However, it is easy to see that this is the algebra of vector fields
(= infinitesimal diffeomorphisms) on the circle, vect(1). If the
circle coordinate is x, the generators are

L_m = -i exp(imx) d/dx.

vect(1) has a central extension, known as the Virasoro algebra:

[L_m, L_n] = (n-m) L_{m+n} - c/12 (m^3 - m) delta_{m+n,0},

where c is a c-number known as the central charge or conformal
anomaly. This means that the Virasoro algebra is still a Lie
algebra - anti-symmetry and the Jacobi identities still hold. The
term linear in m is unimportant, because it can be removed by a
redefinition of L_0.

The m^3 term is a genuine quantum effect, which simply is there when
you quantize a string. When string theorists criticize Thiemann's
LQG string, they are basically complaining that he does not get
this term, which simply must be there.

There is some confusion about anomaly freedom here, because at the
end people want to eliminate the conformal symmetry. The nice way to
do this is to introduce a ghost pair b_m, c_n, satisfying fermionic
brackets

{ b_m, c_n } = delta_{m+n,0}.

One can now write down the BRST operator, which looks something
like (double dots denote normal ordering)

Q = sum_m :L_{-m} c_m: + 1/2 sum_{m,n} (m-n) :b_{-m-n} c_m c_n:

If the BRST operator is nilpotent, Q^2 = 0, we can identify
physical states with BRST co****logy. A state is physical if it
is BRST closed, Q|phys> = 0, and two states are equivalent if
they differ by a BRST exact term,

|phys> ~ |phys'> if Q( |phys> - |phys'> ) = 0.

It turns out that the ghost has central charge c = -26, so the BRST
operator is nilpotent if the L_m's have c = 26; this is where the 26
dimensions of they bosonic string comes from.
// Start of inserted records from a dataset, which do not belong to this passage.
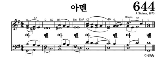 찬송가 644장 아멘 악보는 예배의 끝에서 하나님께 영광을 올려드릴 때 함께 부르시면 좋습니다.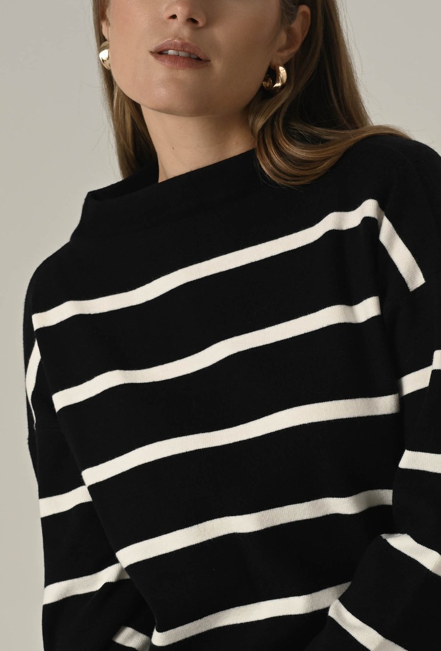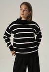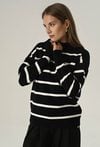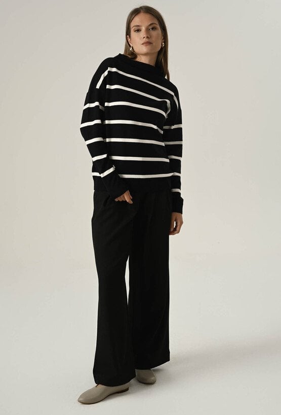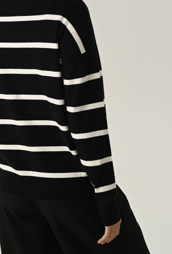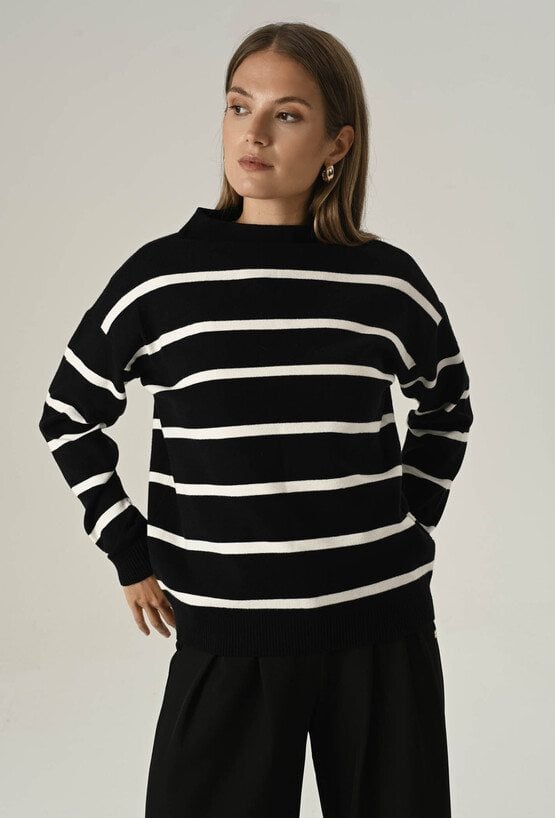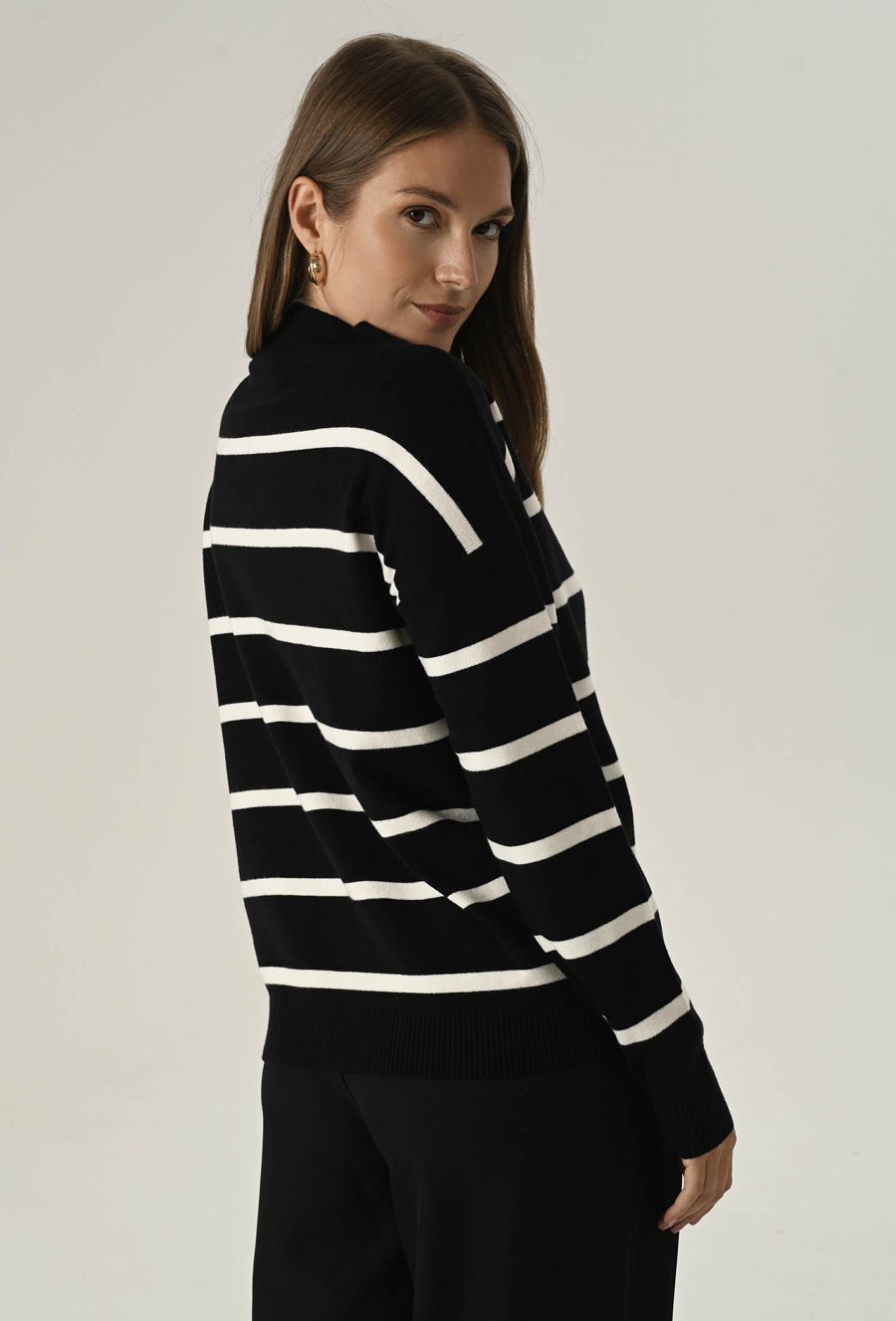 Stylowy sweter damski wykonany z miękkiej, przyjemnej w dotyku przędzy. Klasyczny wzór w paski w połączeniu ze stójką nadaje całości eleganckiego, a zarazem nowoczesnego charakteru. Fason świetnie układa się na sylwetce i sprawdzi się zarówno w codziennych, jak i bardziej formalnych stylizacjach. Modelka na zdjęciu ma 177 cm wzrostu i prezentuje rozmiar 36/S.
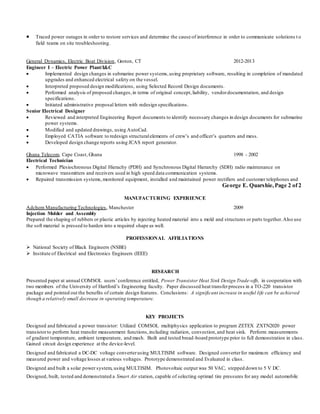 This document is a resume for George E. Quarshie seeking a position as an electrical engineer. He has over 15 years of experience in electrical engineering, power engineering, and operations. His background includes experience in power generation, distribution, controls systems, HVDC transmission, and renewable energy. He is proficient in engineering software such as AutoCAD, COMSOL, Multisim, MatLab, and LabView. His objective is to obtain a position in power engineering, transmission/distribution, or manufacturing.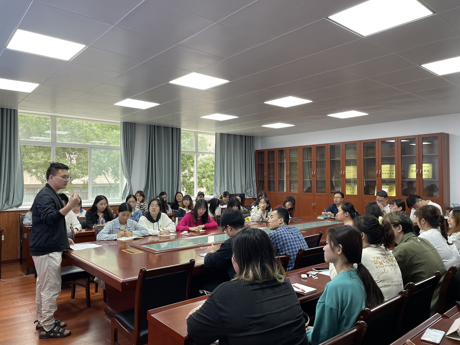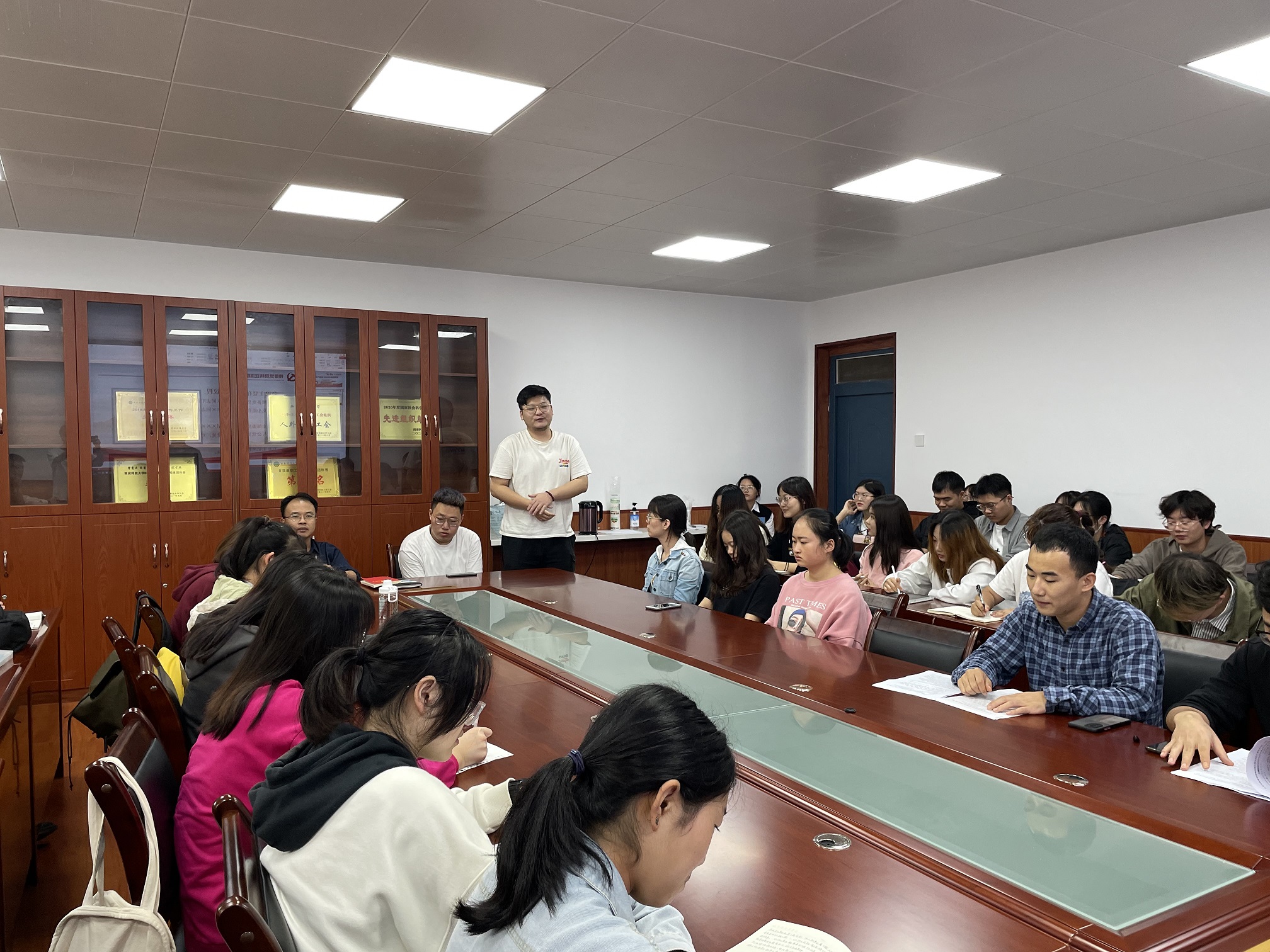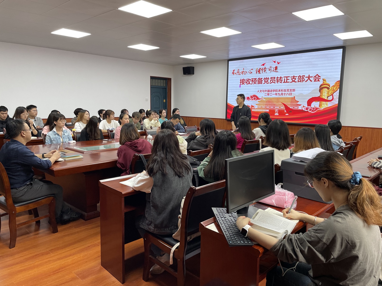 9月18日上午,Beat365中文官方网站本科生党支部于二教226会议室召开接收预备党员转正支部大会。院党委副书记张振中及党支部全体成员参加了此次会议,本次会议由学院本科生党支部书记李银亮主持。会上,李亮亮、石海廷、韦雪、黄运鹏四位同志就自身的学习、生活和工作等方面的情况做了陈述。随后,樊杰杰同志传达了党组织意见,同意四位同志成为正式党员。接着其他各位同志依次发言,谈了四位同志在学习、生活等多各个方面的情况。 接收工作结束后,张振中对支部成员做出了殷切的期望:“作为人文学院的学子,要做一个既优雅高贵又温暖四方的人,作为一名学生党员,则更要成为一个为人民服务的人。”

However, the important
thing from my viewpoint is not that the end result is anomaly free,
but that an anomaly exists, even if only in intermediate
calculations. Thiemann does not have an anomaly even intermediately,
and from this string theorists (and myself) conclude that LQG is
wrong.

Let us now return to the math. A lowest-weight representation (LWR)
of the Virasoro algebra is characterized by a lowest-weight state
|h,c> satisfying

L_0 |h,c> = h |h,c>,

L_{-m} |h,c> = 0, for all -m < 0.

It is known that the only unitary LWR of vect(1) is the trivial one.
However, the Virasoro algebra has many unitary LWRs: the discrete
series with 0 <= c < 1, where

c = 1 - 6/m(m+1), m positive integer and

h = h_{p,q}(c) = (pm^2 - q(m+1)^2) / 4m(m+1)

(or something similar, I'm quoting from memory), and also all c > 1,
h > 0. Anyway, the important thing is that the only acceptable value
of (h,c) with c = 0 is h = 0 - this is the trivial representation.
That Thiemann obtains a non-trivial unitary representation of the
1D diffeomorphism group with c = 0 is thus very strange. It is
hard to see how that could be compatible with quantum theory.

The Virasoro algebra can be generalized to several dimensions -
an extension of the diffeomorphism algebra on the N-dimensional
torus, say. The generators are

L_k(m) = i exp(im.x) d/dx^k,

where m = (m_i) and m.x = m_i x^i and I use the summation
convention. The algebra depends on two parameters (abelian charges)
c_1 and c_2,

[L_i(m), L_j(n)] = n_i L_j(m+n) - m_j L_i(m+n)

+ (c_1 m_j n_i + c_2 m_i n_j) m_k S^k(m+n),

[L_i(m), S^j(n)] = n_i S^j(m+n) + delta^j_i m_k S^k(m+n),

[S^i(m), S^j(n)] = 0,

m_k S^k(m) = 0.

This is the Virasoro algebra in 1D because the last condition then
becomes m S(m) = 0, which only has the solution S(m) ~ delta(m).
The Virasoro extension is not central (does not commute with
everything) except in 1D. It is straightforward but somewhat tedious
to check that these relations indeed do define a Lie algebra.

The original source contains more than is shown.